My father and I would arrive on the threshold and survey the scene. Between and around the various groups there whizzed waiters who were neat and dapper young men who balanced trays

on the tips of their fingers: they wore short jackets and tight trousers: they were like acrobats, or balls in a game of bagatelle. And there were my father and I, having landed on this strange world from our airship.

We would settle at a table and order tea. The women on the arms of chairs tried to blow smoke rings; the men with their heads together were like bubbles on the surface of a cauldron. Occasionally one of the French or English or American or Prussian officers would look without expression at the men and women gathered round a table; then he would call to one of the waiters going past with a tray, and he and the waiter would laugh and chatter.

One day I said to my father 'But how can you fight a war and then be friendly with the people you have been fighting?'

My father said 'People quite like fighting wars; then after a time they've had enough.'

I said 'And they aren't able to look at what they've been doing?'

My father said 'You're right!'

There was one particular waiter with smooth blond hair who whirled to and fro and who seemed to have special attention paid to him by the officers. I wondered - There is a glitter about him, as if of the same sort as there was around Rosa Luxemburg.

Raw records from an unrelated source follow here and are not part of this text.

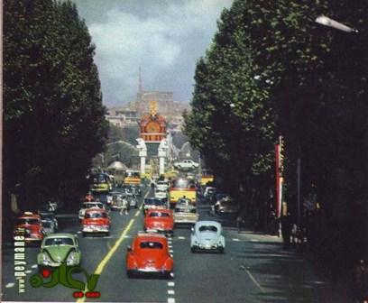 آنتن فرستنده تلویزیون در خیابان گاندی در عکس دیده میشود. یک اتو مبیل پیکان در سمت راست تاج در وسط میدان است که جایزه بلیط بخت آزمايی است. تاج به مناسبت جشن تاجگذاری بر پا شده است.با آنکه پیکان در آن تاريخ وارد كشور شده بود اما در خیابان هنوز فولکس واگن ماشین اصلی است.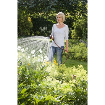 De kop heeft aangesloten op een normale tuinslang weinig waterdruk, en spuit daarom niet zo ver. Verder voelt het wel stevig aan.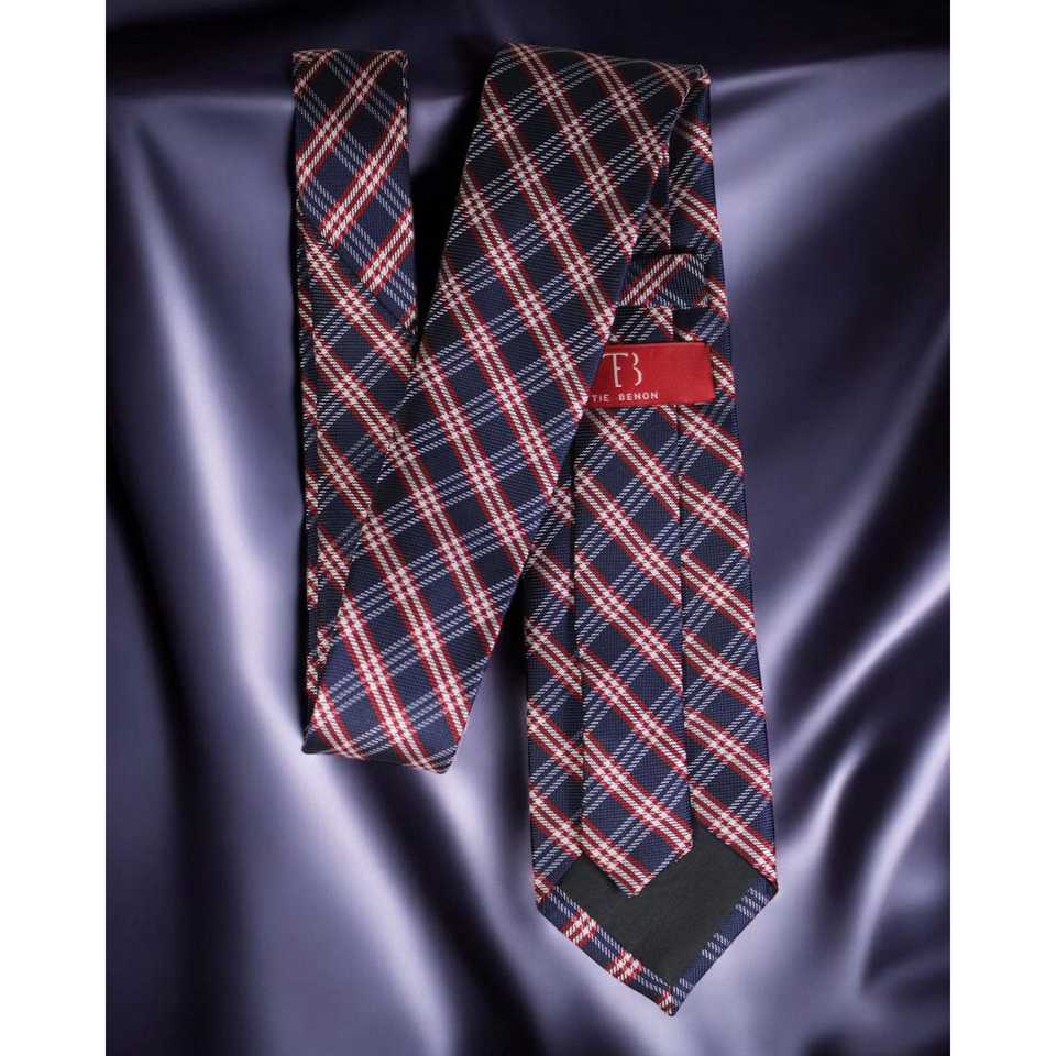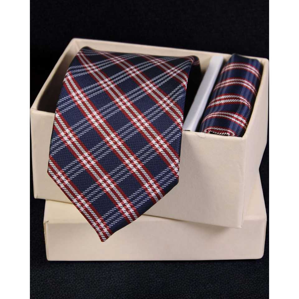 Navy Blue & Red Tartan Microsilk Plaid Tie & Pocket Square Set Premium Men's Shirt Accessory Set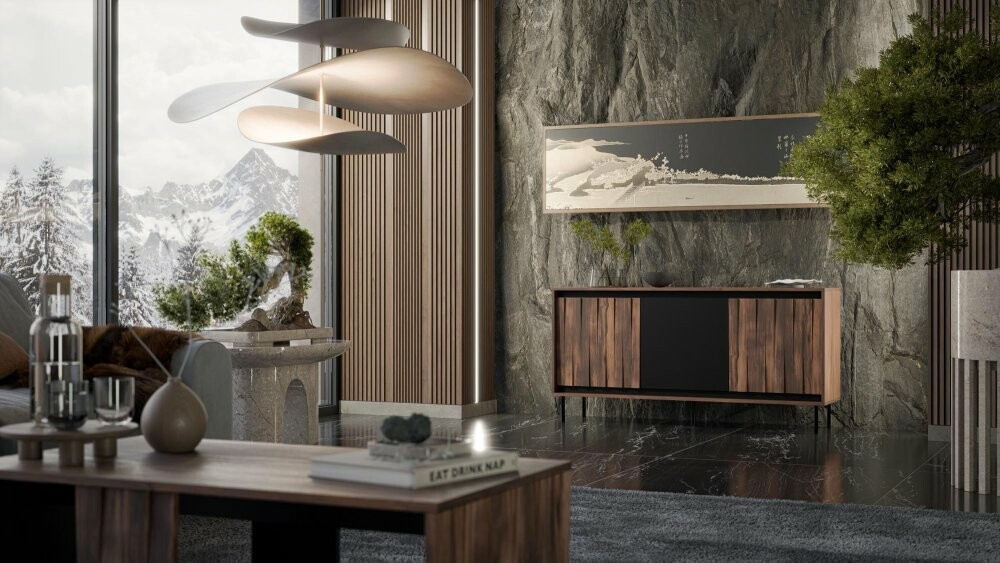 Komoda je vyrobena z laminované desky, foliované MDF a oceli s práškovým nástřikem. Barva kombinuje ořech a černou, a 3D struktura dodává komodě zajímavý vzhled. Zboží dodáváme v demontu.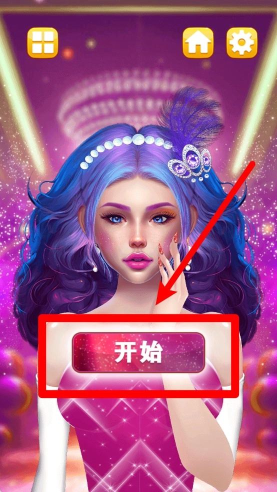 1.点击“开始”按钮即可进入美容流程画面,准备为角色进行美颜改造,开启你的化妆师挑战之路。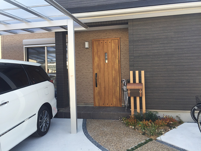 手を付けられていなかった外構をご計画。門柱、カーポート、アプローチをデザインしました。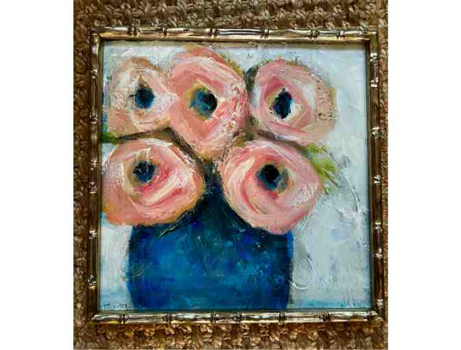Martha Case Nemer Fine Art “Just Peachy” 12x12 mixed media piece finished in oil, professionally framed by Anne The Framer

I said to my father 'What happened about that theory of Professor Einstein's - the one that said however far you tried to look outwards, you would come up against the back of your own head?'

My father said 'How interesting you should say that! They think they have found a way, as a matter of fact, of either proving or disproving the theory. The English are sending expeditions to South America and to Africa - '

One of the women who was perched on the arm of a chair at a table near us had fallen backwards on to the lap of one of the men who was like a drop of oil. She kicked her legs up into the air. Ash from the man's cigar fell on to her dress; she brushed at it, and seemed to be making out that it had burned her.

My father was saying 'At these particular places there is going to be a total eclipse of the sun. The expeditions are taking with them telescopes and instruments which will discover what happens when light from a distant star passes close to the sun. Normally light from such a star would not be visible because of the brightness of the sun, but if there is a total eclipse - '

The woman who was on the lap of the man with the cigar was holding a piece of her dress and was looking at him reproachfully.

Then she put her hand into his jacket and took out his wallet and looked inside. The man seemed to pay no attention to her; he was puffing at his cigar.